**ASSIGNMENT:** In the data below, find the line containing "Трептов-парк, где решено"; transcribe it and each line after it exactly, through the last, skipping pictures.

INFORMATION PROVIDED Block Start

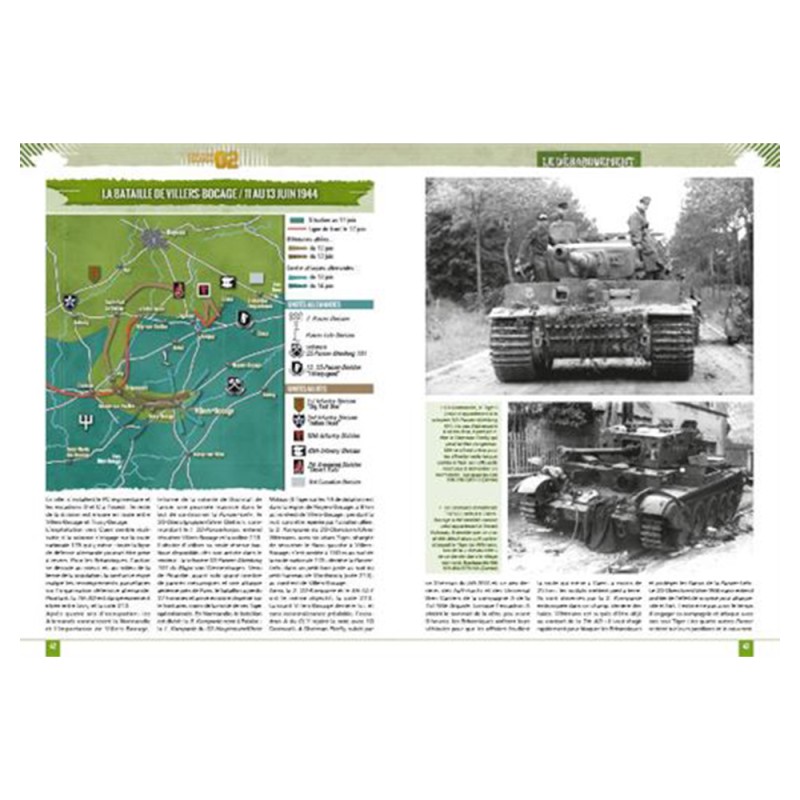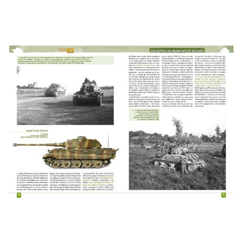 À travers de nombreux exemples d’opérations (dont « Bluecoat », « Cobra » ou « Lüttich »), Franck Segrétain revient avec succès sur l’emploi du char pendant la bataille de Normandie tout en présentant les unités engagées (130. Panzer-Lehr-Division, 2nd Armored Division…) et les généraux impliqués. Ainsi, le char est un outil majeur dans le succès des opérations alliées en Normandie, et son emploi n’est pas uniquement cantonné à des officiers d’exception comme Rose ou Roberts. De leur côté, les Allemands aligneront des Panzer bien souvent supérieurs à leurs adversaires, mais la domination aérienne des Alliés jouera en leur défaveur…
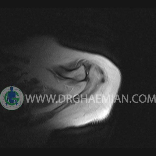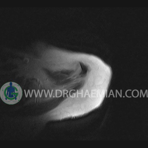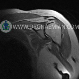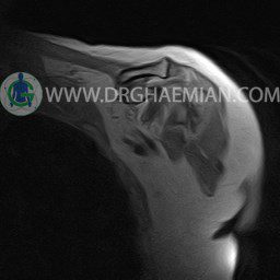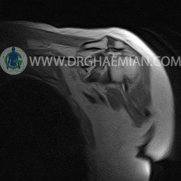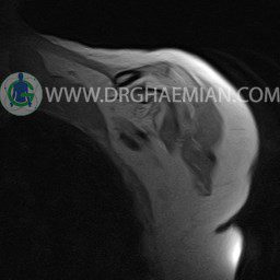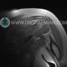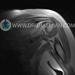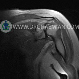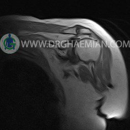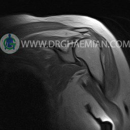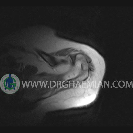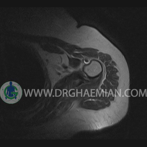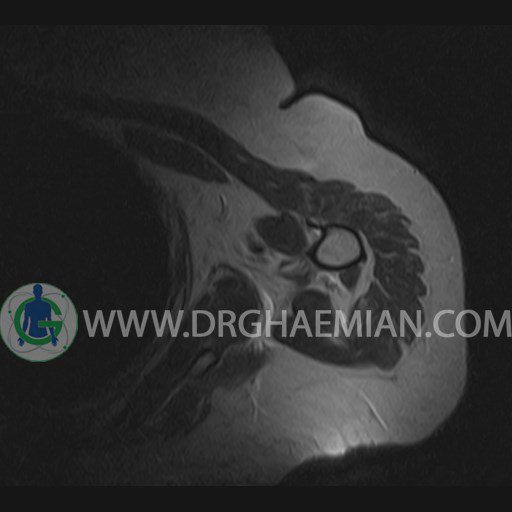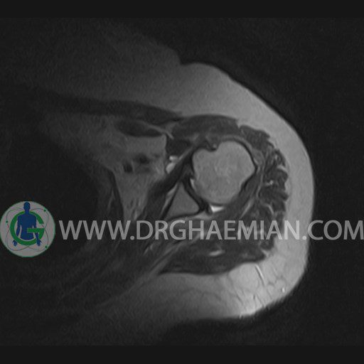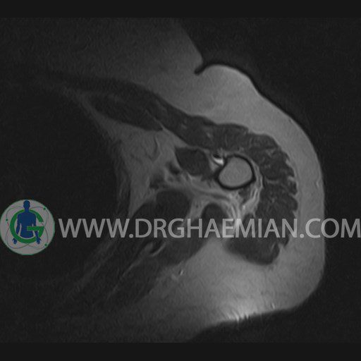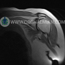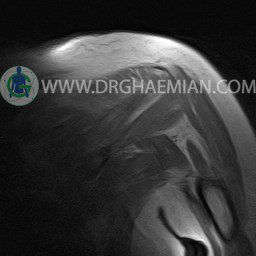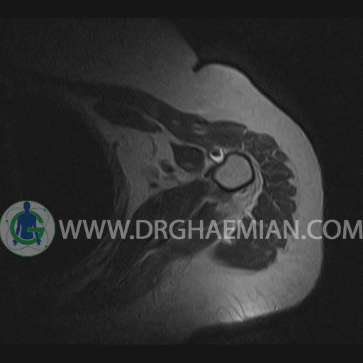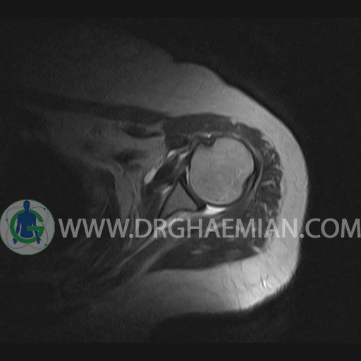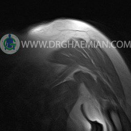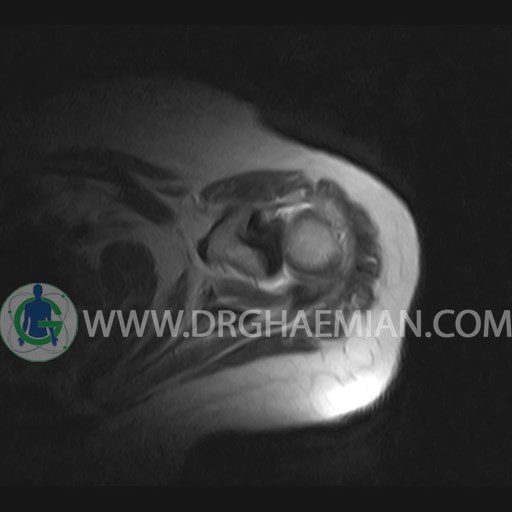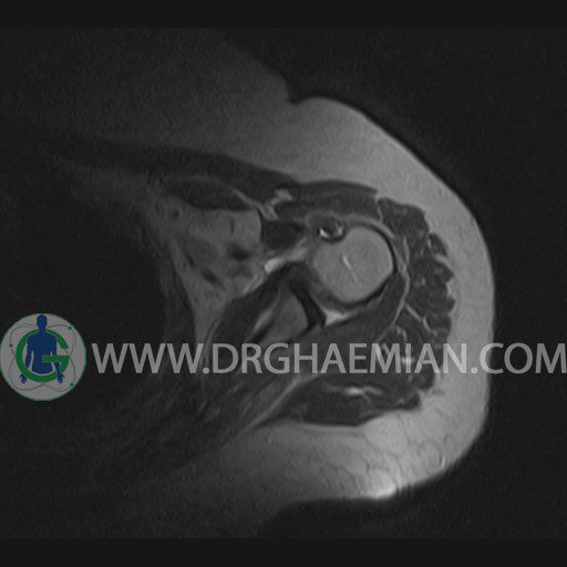 ام ار آی کتف یک روش تصویربرداری است که به وسیله آهنرباهای قدرتمند از قسمت کتف تصاویری ایجاد می کند. این نوع تصویربرداری از تشعشعات استفاده نمی کند. در این کیس آتروفی عضلانی کتف به همراه پارگی تاندون بالاخاری، بورسیت ساب دلتوئید و افیوژن مفصل دیده می شود.
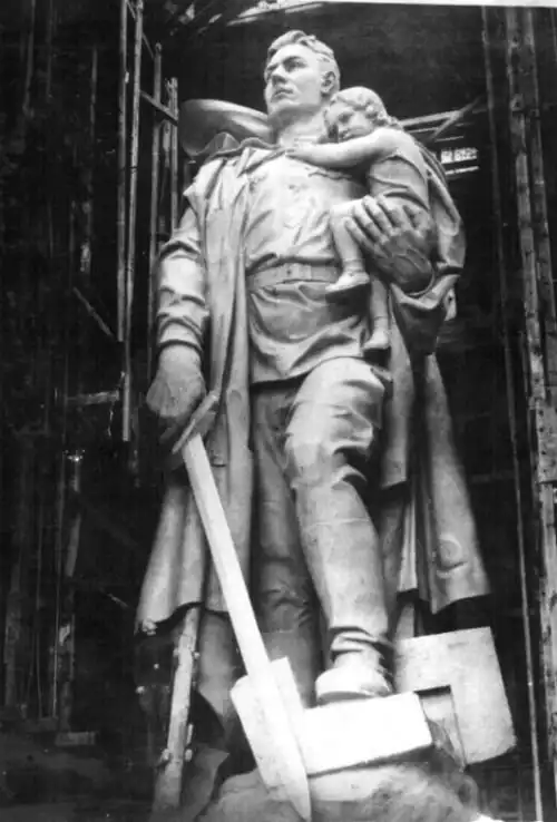 Трептов-парк, где решено было строить мемориальный комплекс, занимал второе по величине место в Берлине и был свидетелем многих исторических событий. После войны на его территории захоронили более семи тысяч советских солдат. Поэтому выбор пал именно на это место. Для работы над мемориалом мобилизовали 60 немецких скульпторов, 200 мастеров-каменотёсов, 1200 рядовых рабочих из Германии.
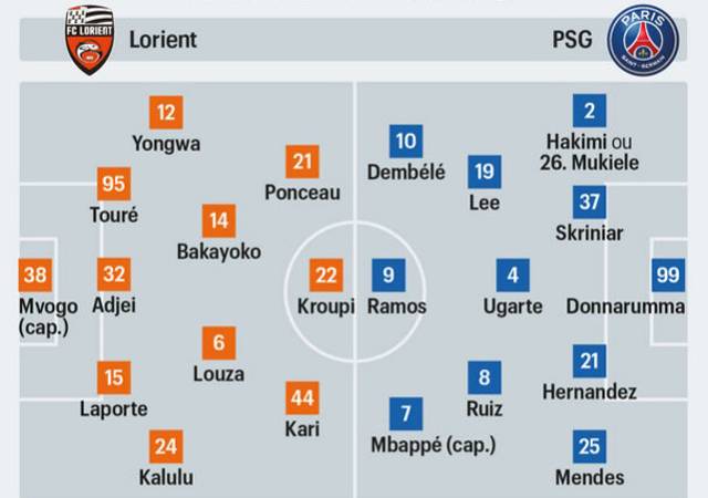 이 매체는 PSG가 로리앙을 상대로 하무스가 공격수로 나서고 음바페와 뎀벨레가 측면 공격을 이끌 것으로 예측했다. 이강인, 우가르테, 루이스가 중원을 구성하고 멘데스, 에르난데스, 슈크리니아르, 하키미 또는 무키엘레가 수비진을 구축할 것으로 예측했다. 골문은 돈나룸마가 지킬 것으로 점쳤다.

INFORMATION PROVIDED Block End

**WRITTEN ANSWER:**
 Трептов-парк, где решено было строить мемориальный комплекс, занимал второе по величине место в Берлине и был свидетелем многих исторических событий. После войны на его территории захоронили более семи тысяч советских солдат. Поэтому выбор пал именно на это место. Для работы над мемориалом мобилизовали 60 немецких скульпторов, 200 мастеров-каменотёсов, 1200 рядовых рабочих из Германии.
 이 매체는 PSG가 로리앙을 상대로 하무스가 공격수로 나서고 음바페와 뎀벨레가 측면 공격을 이끌 것으로 예측했다. 이강인, 우가르테, 루이스가 중원을 구성하고 멘데스, 에르난데스, 슈크리니아르, 하키미 또는 무키엘레가 수비진을 구축할 것으로 예측했다. 골문은 돈나룸마가 지킬 것으로 점쳤다.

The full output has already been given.